Consider a section $s$ of this line bundle. Let $\phi\colon [0,1] \to S^n$ be a path from a point $p\in S^n$ to $-p$.

We have a unique continuous function $\lambda\colon [0,1]\to \mathbb{R}$ such that $s([\phi(t)])=\lambda(t)\phi(t)$ for all $t\in[0,1]$.

We have: $$\lambda(0)p=s([\phi(0)])=s([\phi(1)])=-\lambda(1)p$$

Thus $\lambda(0)=-\lambda(1)$ and by the intermediate value theorem $\lambda(t)=0$ for some $t\in [0,1]$.

Thus this bundle has no non-vanishing sections, and is different to the trivial line bundle.
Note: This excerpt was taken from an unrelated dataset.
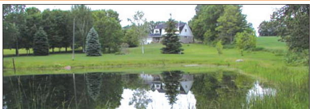
THE COMPLETE COUNTRY PACKAGE

Superb quality throughout, 4 bdrm, hardwood + slate floors, main floor family room, sunroom, laundry room. Finished lower level at walkout. Professionally landscaped front and back. MarthaSummers.ca * 07-263-91
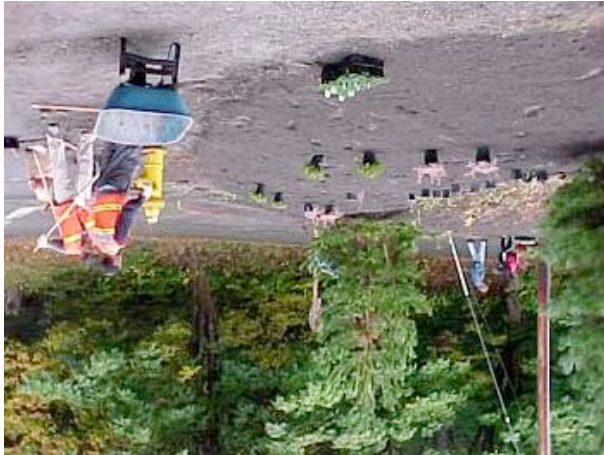
Plot - A measured piece of land

http://www.metrokc.gov/kcdot/news/photos/2002-2/100702thisweekph11g.jpg

Let $f : \mathcal{T} \to \mathbb{R}P^n \times \mathbb{R}$ be a bundle isomorphism. The quotient map $\mathbb{R}^{n + 1} \to \mathbb{R}P^n$ is continuous, so we have a continuous inclusion $$ \iota : \mathbb{R}^{n + 1} \setminus \{0\} \to \mathbb{R}P^n \times \mathbb{R}^{n + 1} $$ which does the quotient map on the first factor and is the identity on the second factor. If we restrict the codomain of $\iota$ to the complement of the image of the zero section $\pi^{-1}(0)$ in $\mathcal{T}$, then $\iota$ is a homeomorphism $\mathbb{R}^{n + 1} \setminus \{0\} \to \mathcal{T} \setminus \pi^{-1}(0)$. Similarly $f$ restricts to a homeomorphism $$ f : \mathcal{T} \setminus \pi^{-1}(0) \to \mathbb{R}P^n \times (\mathbb{R} \setminus \{0\}). $$ Composing these two maps gives a homeomorphism $f \circ \iota : \mathbb{R}^{n + 1} \setminus \{0\} \to \mathbb{R}P^n \times (\mathbb{R} \setminus \{0\})$. But of course the former space is connected, while the latter is not: hence the map $f$ cannot exist.